Developer on Alibaba Coud: Build your first app with APIs, SDKs, and tutorials on the Alibaba Cloud. Read more ＞

Brief introduction

View Baidu Search 中文文本聚类 I am disappointed to find that there is no complete online on the python implementation of the Chinese text clustering (and even search keywords python 中文文本聚类 are so), the Internet is mostly about the text clustering Kmeans 原理 , Java实现 R语言实现 ,, There's even one C++的实现 .

I wrote some of the articles, I did not very good classification, I would like to be able to cluster the method of some similar articles to cluster, and then I look at each cluster of the approximate topic is what, give each cluster a label, so it is completed classification.
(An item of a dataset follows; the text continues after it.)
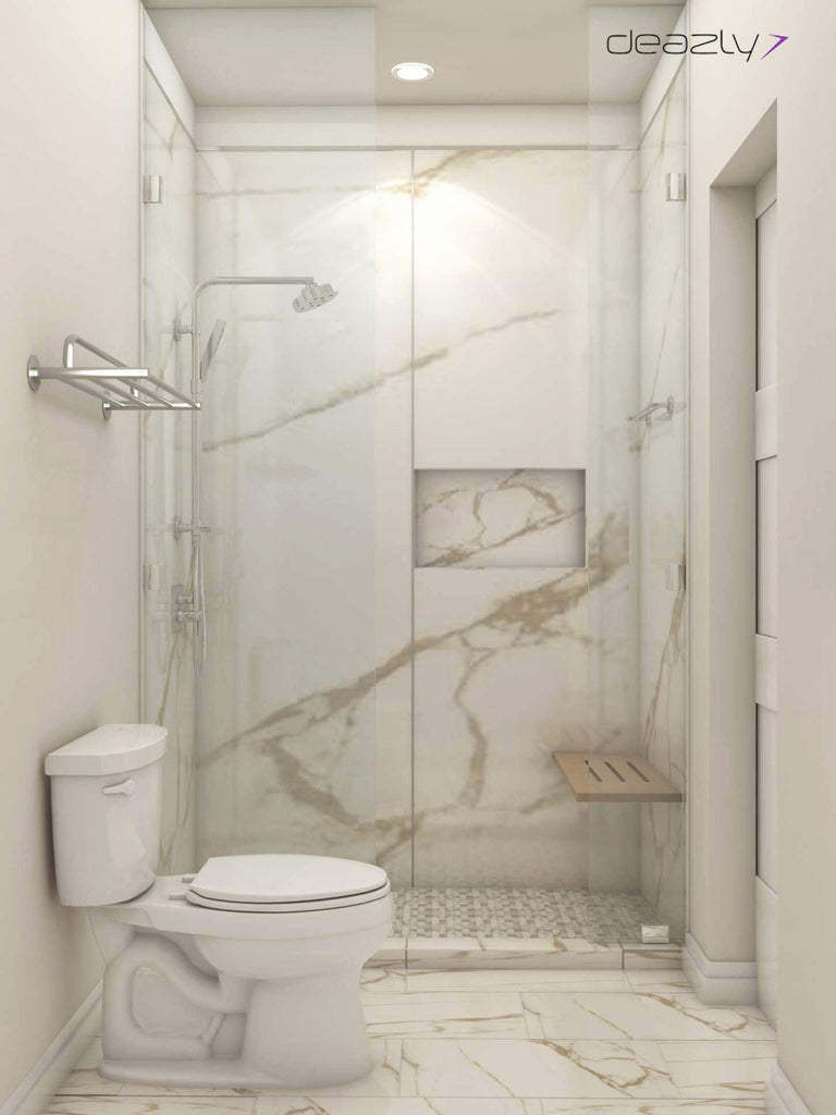 The large-format Calacatta Oro porcelain tiles 48” x 102” with its thin gold and gray veining is the focal point of this scheme. The large tiles make the room look bigger, streamlined and reduces the ‘busy’ factor while making the room feel modern and cozy. The Calacatta Oro applied in three different formats and finishes large format polished finish on the shower wall, a mosaic regular finish on the shower floor, and a 12” x 24” regular finish on the floor balances the overall aesthetics in this warm scheme that is classic and welcoming.

Chinese text clustering mainly has a few steps, the following will be described in detail:

Cut words
Remove discontinued words
Construction of space VSM for word bag (vector space model)
TF-IDF Building Word Weights
Using the K-means algorithm

First, cut the word

Here the Chinese word use is 结巴切词 , GitHub project homepage, author Weibo

Detailed installation methods are available on the GitHub Project homepage, 结巴切词 as well as sample descriptions, which are not detailed here and can normally be installed in the following ways.

# pip install jieba

# easy_install jieba

You can also refer to the article:
1.Python Chinese sub-phrase pieces Jieba
2.python stuttering participle (jieba) learning

Ii. Removal of discontinued words

结巴分词Although there is the ability to remove the disabled words, but it seems to be used only for jieba.analyse the formation, not to jieba.cut use, so here we still have to build the inactive Word file, and remove the stop word.
The common Chinese stop words are:
1. Chinese Stop Glossary (more comprehensive, there are 1208 discontinued words)
2. The most complete Chinese Stop Thesaurus (1893)
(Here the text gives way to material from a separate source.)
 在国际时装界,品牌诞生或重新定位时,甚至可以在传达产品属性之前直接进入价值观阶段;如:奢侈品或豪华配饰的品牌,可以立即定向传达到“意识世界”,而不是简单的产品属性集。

The implementation code is as follows (code compares water):

defRead_from_file (file_name): With open (file_name,"R") as Fp:words=Fp.read ()returnwordsdefstop_words (stop_word_file): Words=Read_from_file (stop_word_file) result=jieba.cut (words) new_words= []     forRinchResult:new_words.append (R)returnSet (new_words)defdel_stop_words (words,stop_words_set):#words is a document that has been cut but has not removed the discontinued word. #returns the document after the stop word is removedresult =jieba.cut (words) new_words= []     forRinchResult:ifR not inchStop_words_set:new_words.append (R)returnNew_words

Third, the construction of the word bag space VSM (vector space model)
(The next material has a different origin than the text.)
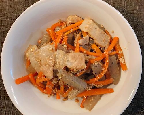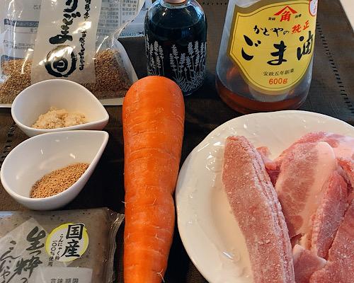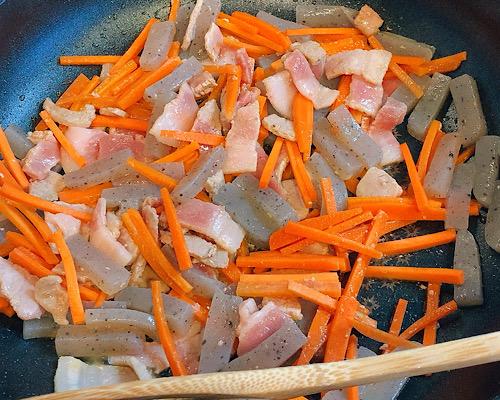 フライパンにごま油をひいて、豚肉、こんにゃく、にんじんを中火で3?4分程度炒める。

Next is the construction of the word bag space, our steps are as follows
1. Read all the documents into the program, and then cut each document into words.
2. Remove the inactive words from each document.
3. Statistic the Word collection for all documents (Sk-learn has related functions, but I know it can be used in Chinese).
4. For each document, a vector is built and the value of the vector is the 词语 number of occurrences in this document.
For example, suppose there are two texts, 1. 我爱上海，我爱中国 2. 中国伟大,上海漂亮
Then there are a few words:,,,,,, 词语 我 爱 上海 中国 伟大 漂亮 , (commas may also be cut).
Assuming that the stop word is 我， , then after removing the stop word, the remaining words are
爱,,,, 上海 中国 伟大 漂亮
Then we build vectors for document 1 and document 2, then the vectors are as follows:

text	Love	Shanghai	China	Great	beautiful
Document 1	2	1	1	0	0
Document 2	0	1	1	1	1

The code is as follows:

defGet_all_vector (file_path,stop_words_set): Names= [Os.path.join (file_path,f) forFinchOs.listdir (File_path)] posts= [Open (name). Read () forNameinchNames] Docs=[] Word_set=set () forPostinchPosts:doc=del_stop_words (Post,stop_words_set) docs.append (DOC) Word_set|=Set (DOC)#print Len (doc), Len (word_set)Word_set=list (word_set) DOCS_VSM= []    #For word in word_set[:30]:        #print Word.encode ("Utf-8"),     forDocinchDocs:temp_vector= []         forWordinchword_set:temp_vector.append (Doc.count (word)* 1.0)        #Print Temp_vector[-30:-1]docs_vsm.append (temp_vector) Docs_matrix= Np.array (DOCS_VSM)

In Python, it may be possible to include it in the [[2,1,1,0,0],[0,1,1,1,]] numpy array or matrix to facilitate the calculation of TF-IDF below.

Iv. convert the number of occurrences of words into weights (TF-IDF)

In other words, our VSM is already stored in the form of vectors, why do we need TF-IDF form? I think this is to convert the number of occurrences of a word to a weighted value.
The introduction of TF-IDF can refer to the article on the Internet:
1. Basic Text Clustering method
2. TF-IDF Baidu Encyclopedia
3. TF-IDF Wikipedia English (requires FQ)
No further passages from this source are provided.